The coefficient for HouseholdIncome is -0.08. This coefficient is not statistically significant (p = 0.625), meaning that household income does not have a meaningful impact on the vote for Clinton in this model.
The coefficient for NonWhite is 0.43. This coefficient is statistically significant (p < 0.001), indicating a strong positive relationship between the percentage of the non-white population and the vote for Clinton.
The R-squared value is 0.616, meaning that approximately 61.6% of the variance in ClintonVote can be explained by the independent variables (College, HouseholdIncome, and NonWhite). This indicates that the model is suitable to the data.

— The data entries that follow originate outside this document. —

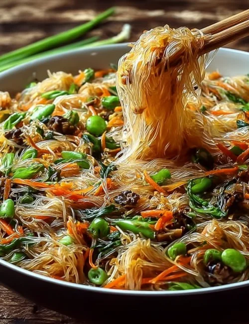 Rice noodle stir-fry is a quick and delicious dish that is perfect for busy weeknights. It’s colorful, fresh, and full of vibrant vegetables. Plus, the soft, chewy noodles mix beautifully with your choice of protein, making it a favorite for families.
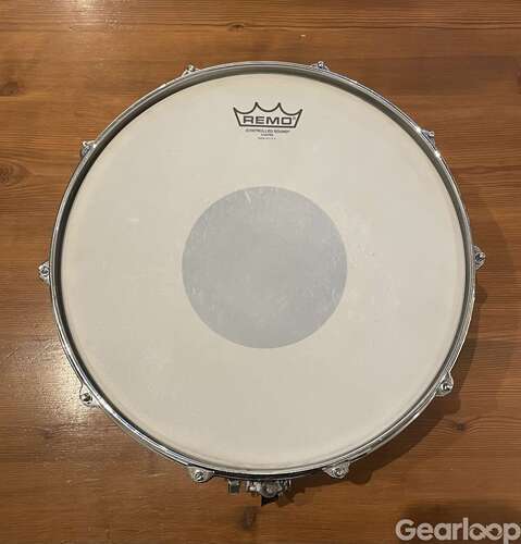 Bra skick. Kommer med nya Remo skin (Controlled Sound Coated Black Dot + Ambassador Clear Snare Side) och en hel ny Puresound sejarmatta 20 strands.
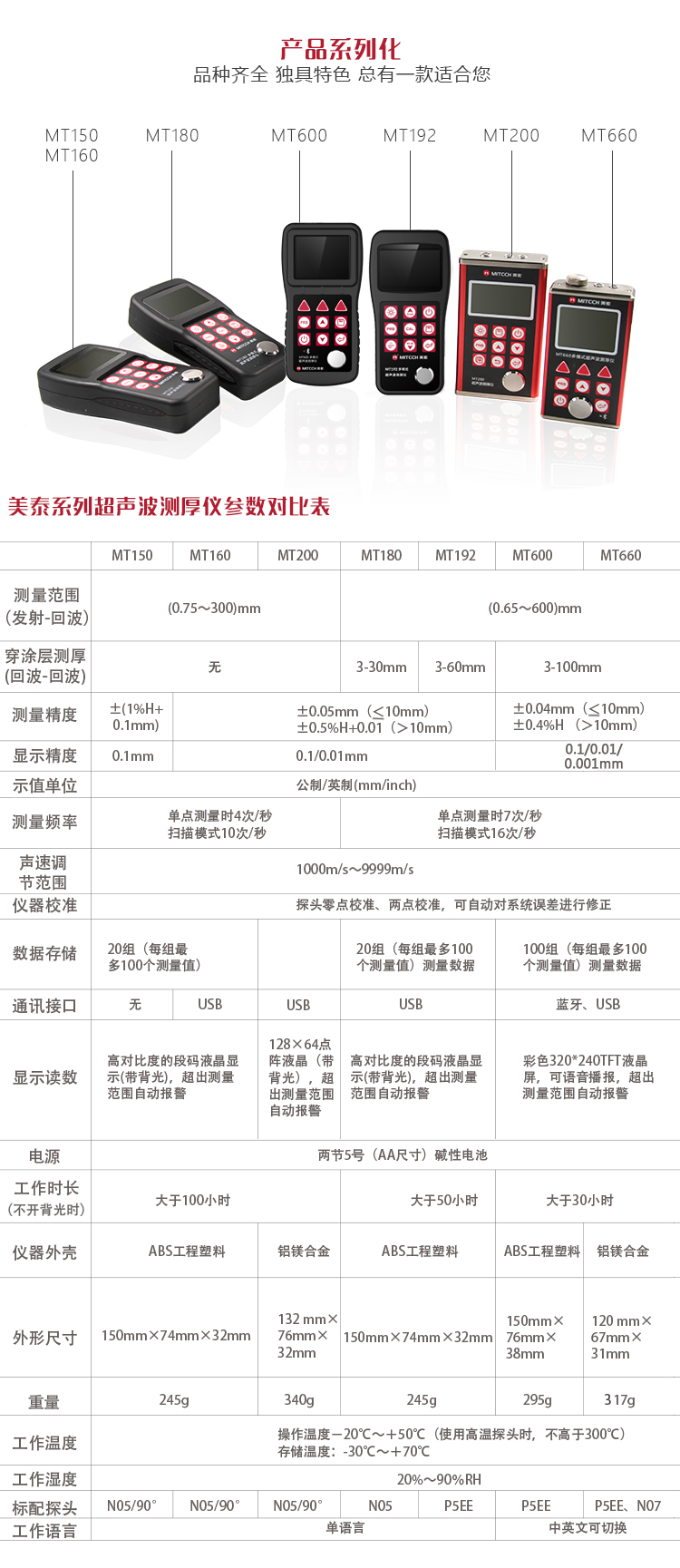 | 美泰系列超聲波測厚儀,均采用低功耗設(shè)計理念,超長待機,MT150/MT160/MT200/MT180/MT192/MT280/MT600/MT660均由兩節(jié)AA五號電池供電、更換方便。 | |
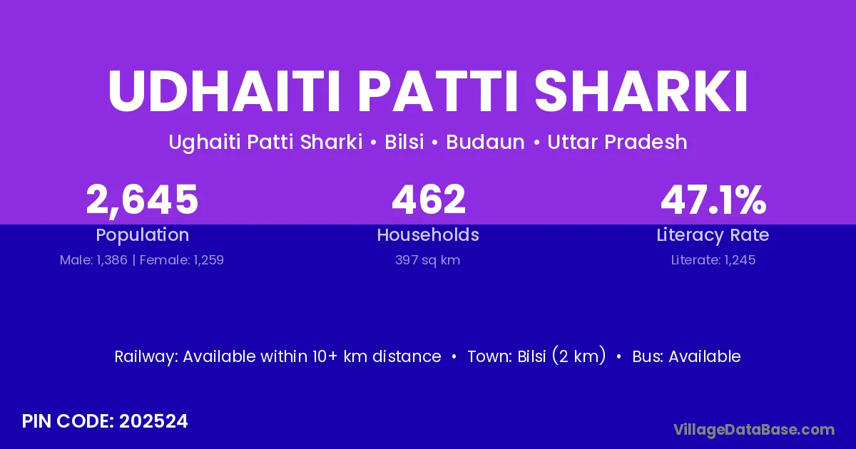 Bilsi (2 km) is the nearest town to Udhaiti Patti Sharki village for major economic activities and is located approximately 2 km away.
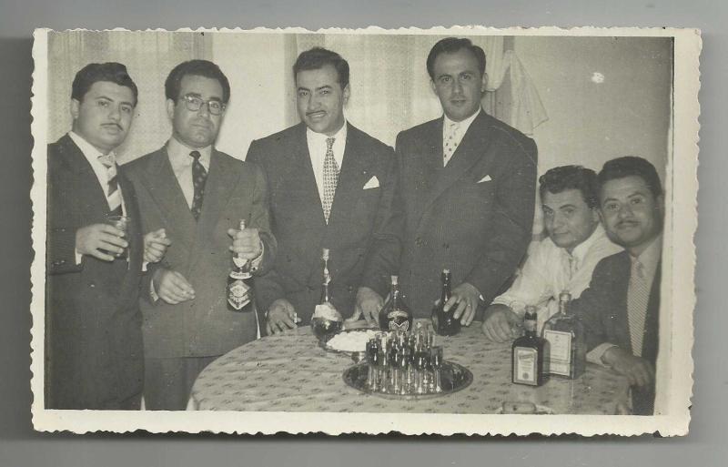 ** LİKÖR ŞİŞELERİ VE LİKÖR SEVEN BEYLERİN FOTOĞRAF ** Yaklaşık olarak kartpostal ebadında,arkası yazısız, çok iyi kondüsyonda,eski likör şişeleri konulu nadir fotoğraftır...
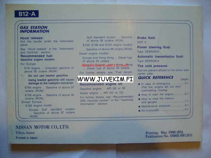 Nissan Sunny -omistajan käsikirja
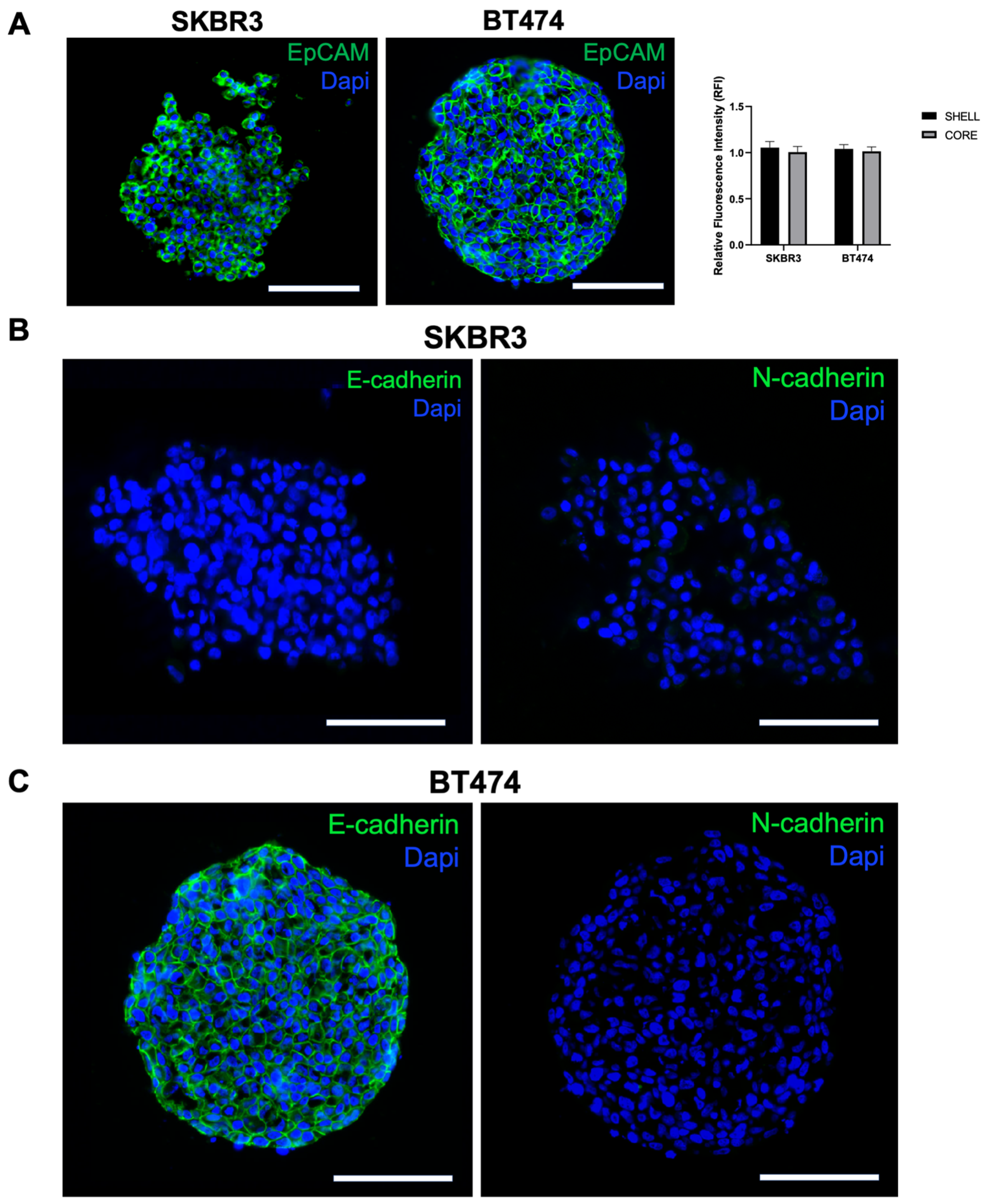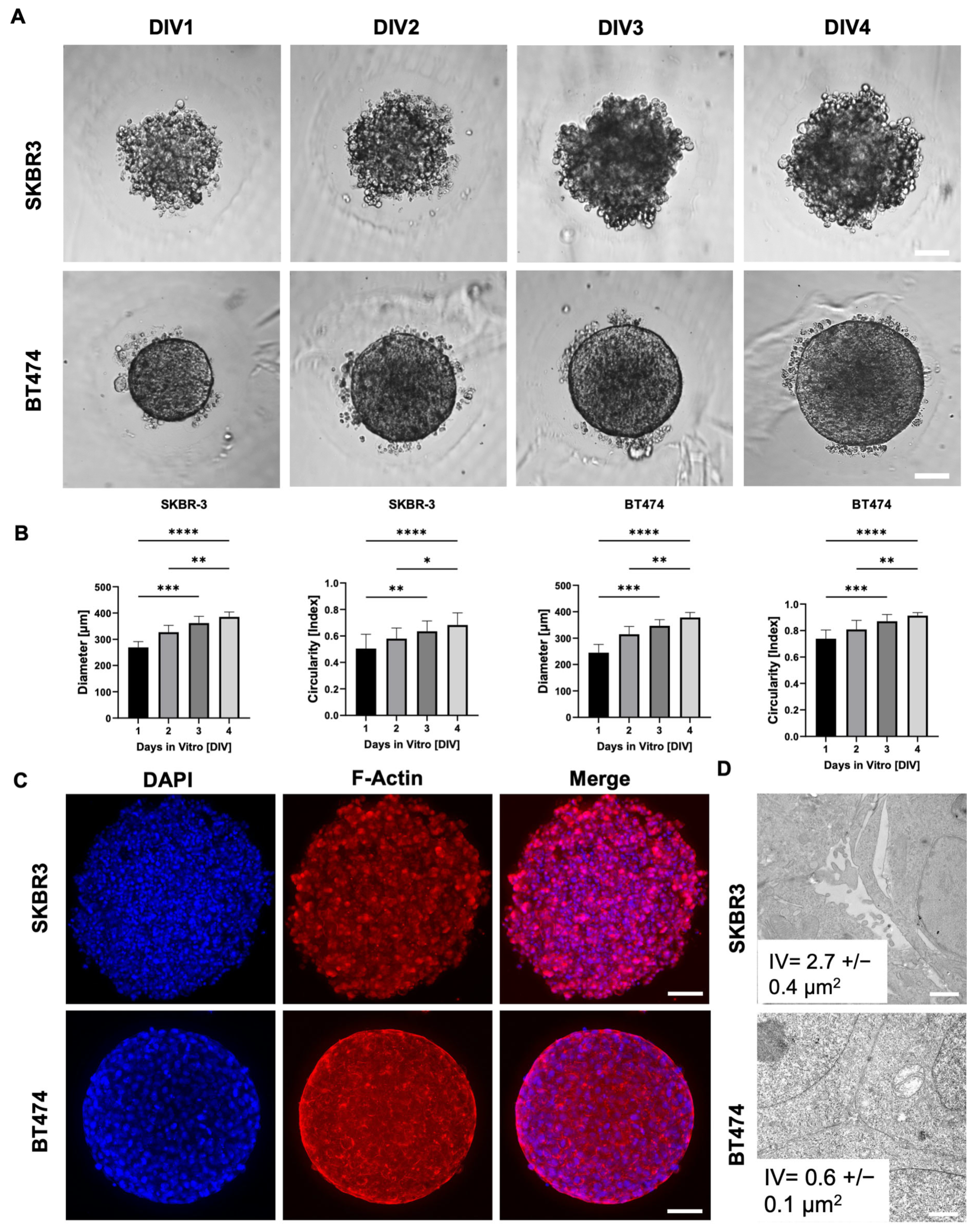 3.1. Distinct Morphologies and 3D Organization of HER2+ Breast Cancer Spheroids
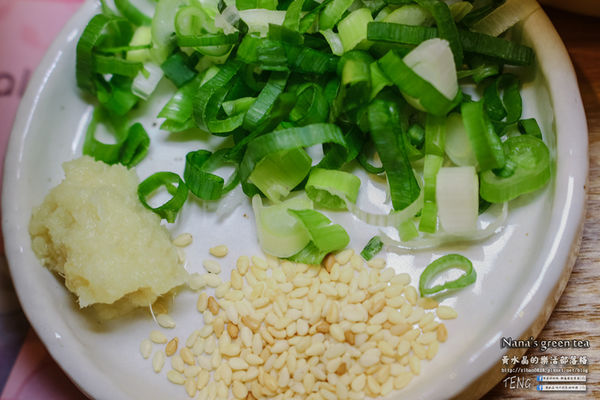 ↑小疊子上有蔥、芝麻和蒜泥,作為配料之用!
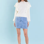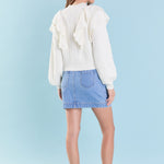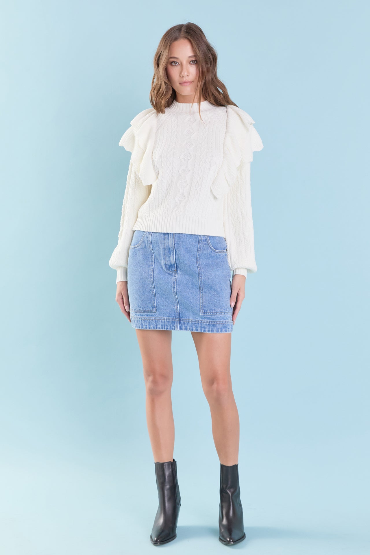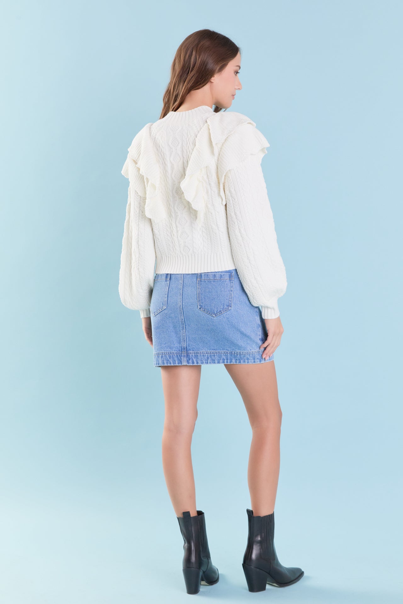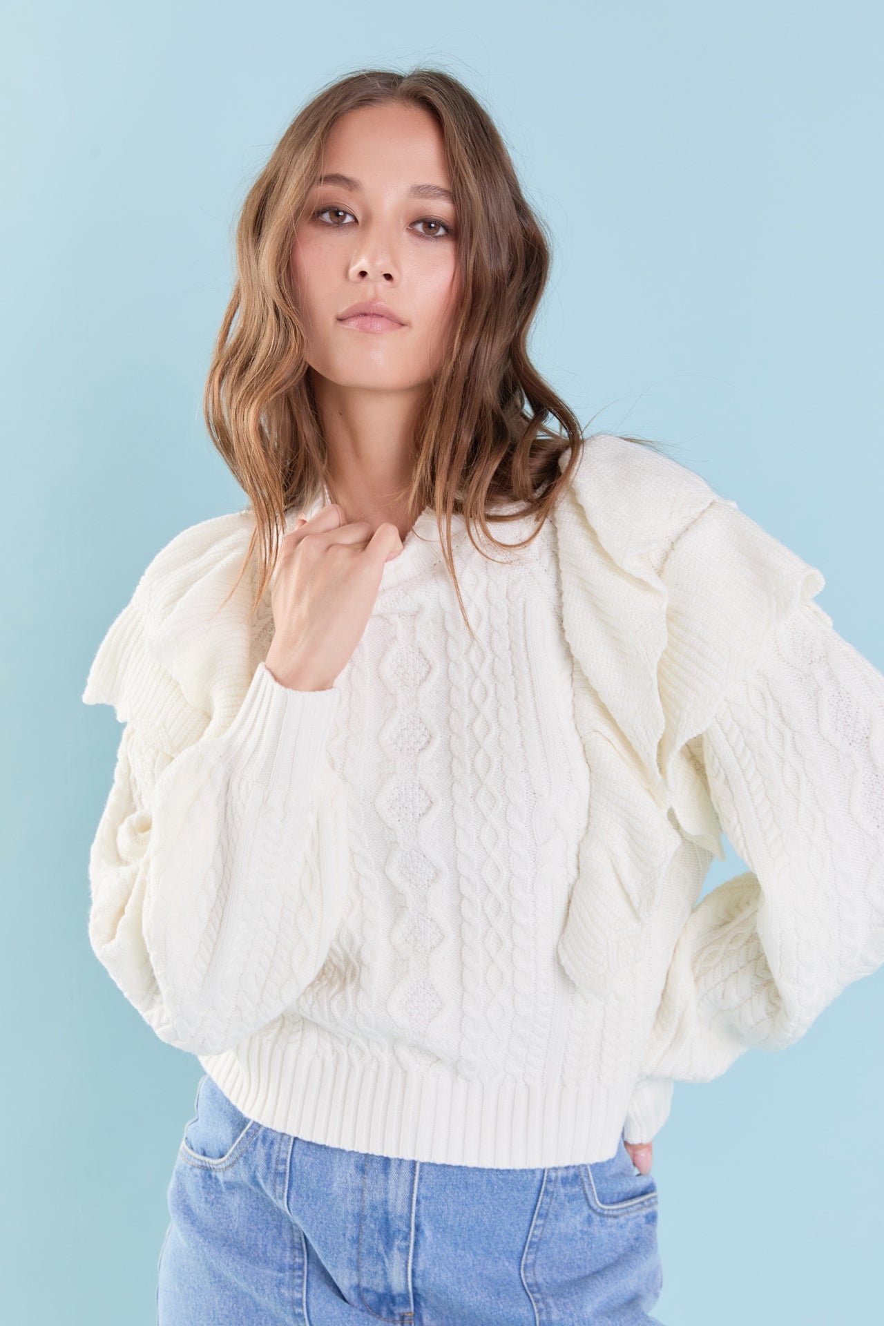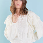 Elevate your sweater game with our Cable Knit Ruffled Sweater! The perfect combination of classic and trendy, this sweater features a cozy cable knit design and charming ruffle detailing. Its mock neck adds a touch of sophistication, making it perfect for any occasion. Made from high-quality materials, it offers both comfort and style. Whether you're dressing it up for a night out or keeping it casual for a day out, this sweater will keep you feeling and looking your best. Shop now and add this must-have piece to your wardrobe!
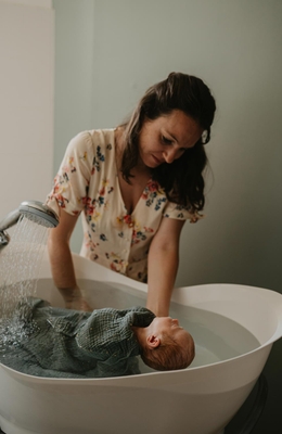 Par beaucoup de douceur, lenteur, de contenance et de réassurance j'accompagne votre bébé. Un bain soin, un bain d’émotions après le périple de sa naissance. L’arrivée au monde n’est pas une étape facile, des émotions peuvent avoir été vécues à leur manière lors de la naissance, de la grossesse ou bien même avant : j’attache une importance aux liens transgénérationnels. C’est alors lui offrir la possibilité de se libérer, de lâcher prise en recréant l’univers de sa vie in utéro et ainsi poursuivre, je l’espère, une vie apaisée tant sur le plan physique que psychologique. Un bain également là pour vous, cher parents, où vos émotions peuvent être déposées et seront accueillies avec beaucoup de bienveillance.
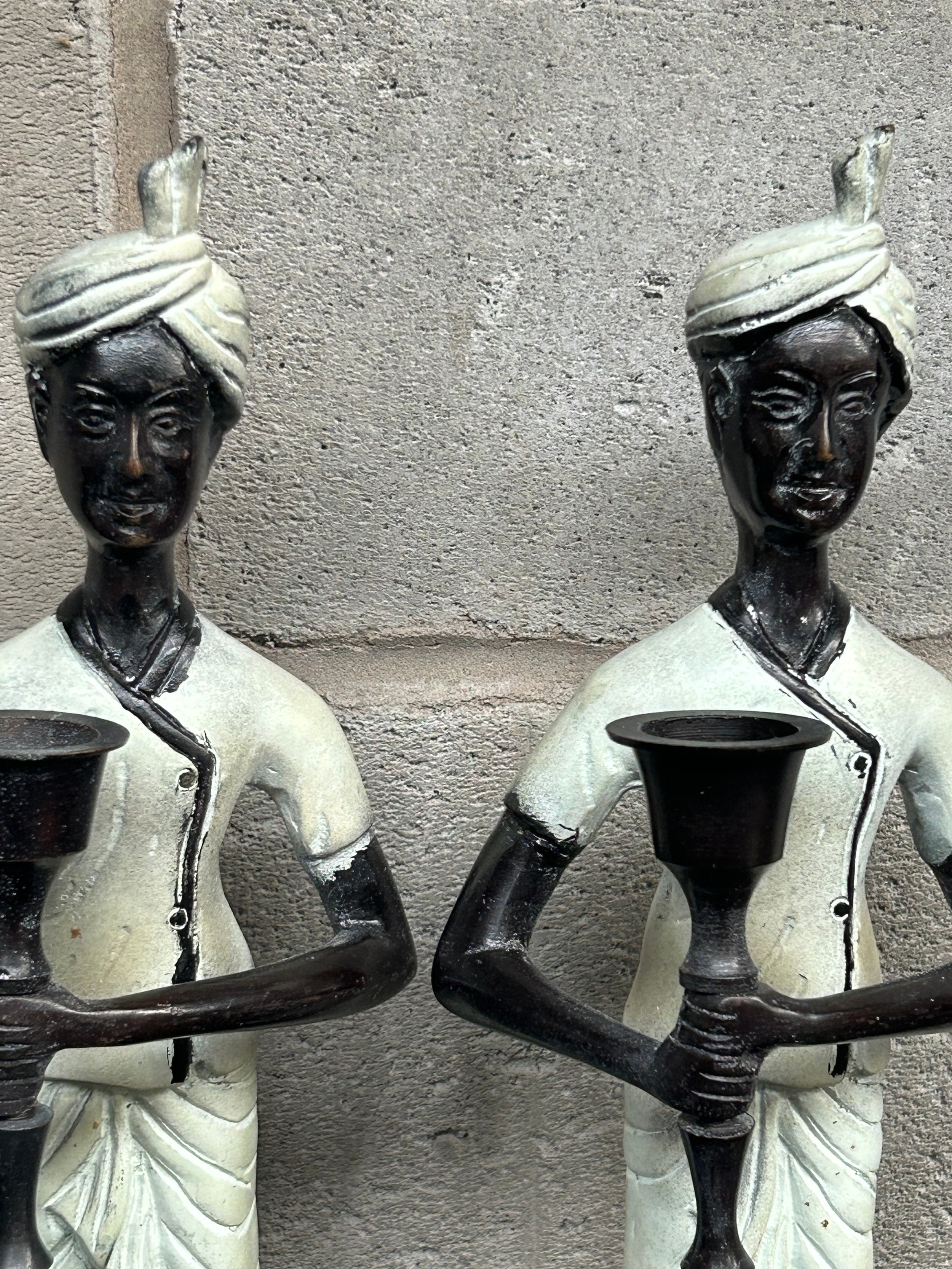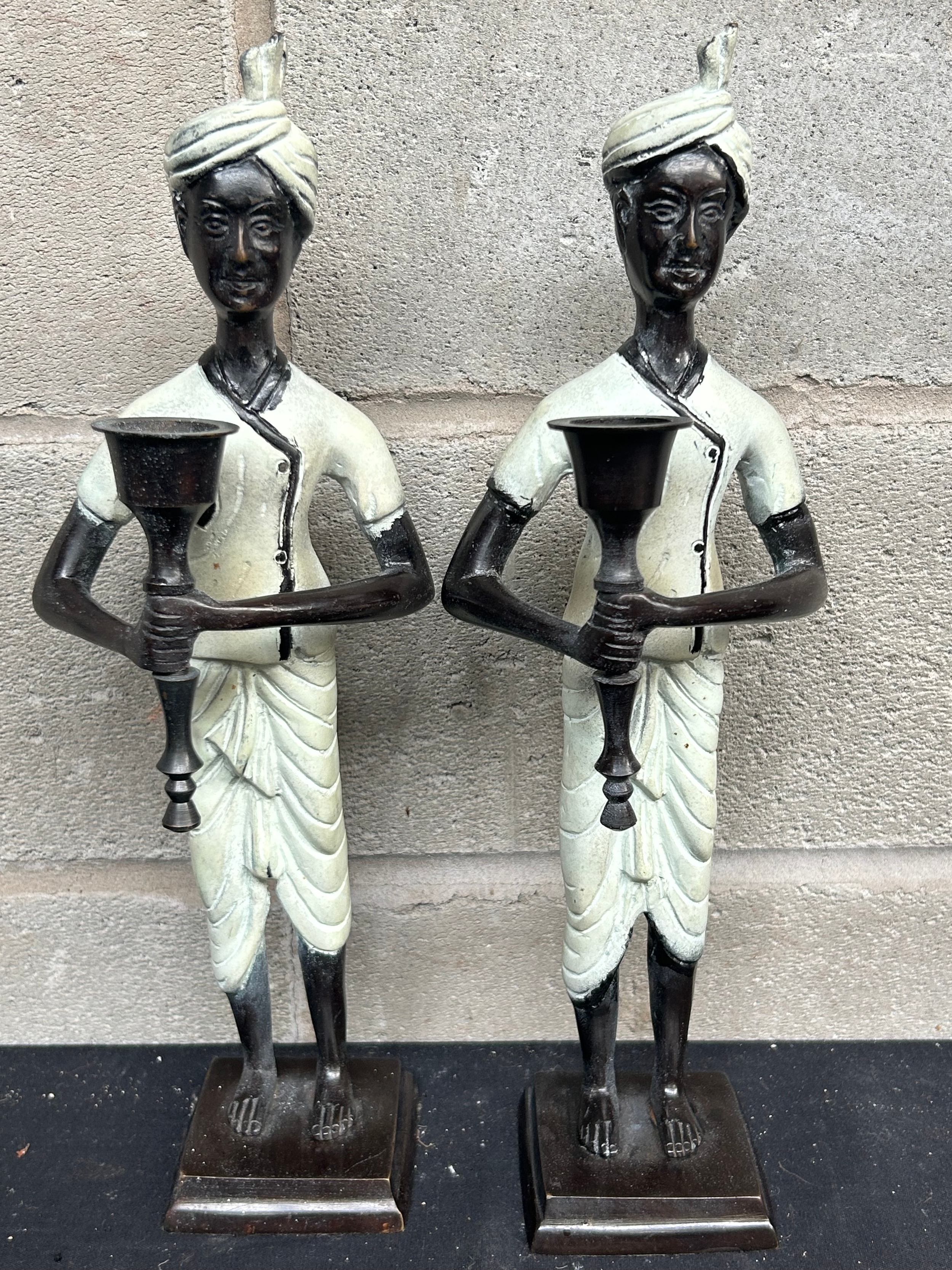 Stunning Bronze? Pair of Blackamoor Candle Holders Standing 1ft Heavy

The adjusted R-squared value is 0.590, which adjusts for the number of predictors in the model. This value is slightly lower than the R-squared, indicating that the model explains a substantial portion of the variance even after accounting for the number of predictors.
Extend the model from Task 1 by adding the Region variable. Compare this new model to the previous one using AIC and BIC. Create a regression table with all models with modelsummary. Interpret the results and discuss which model you prefer and why.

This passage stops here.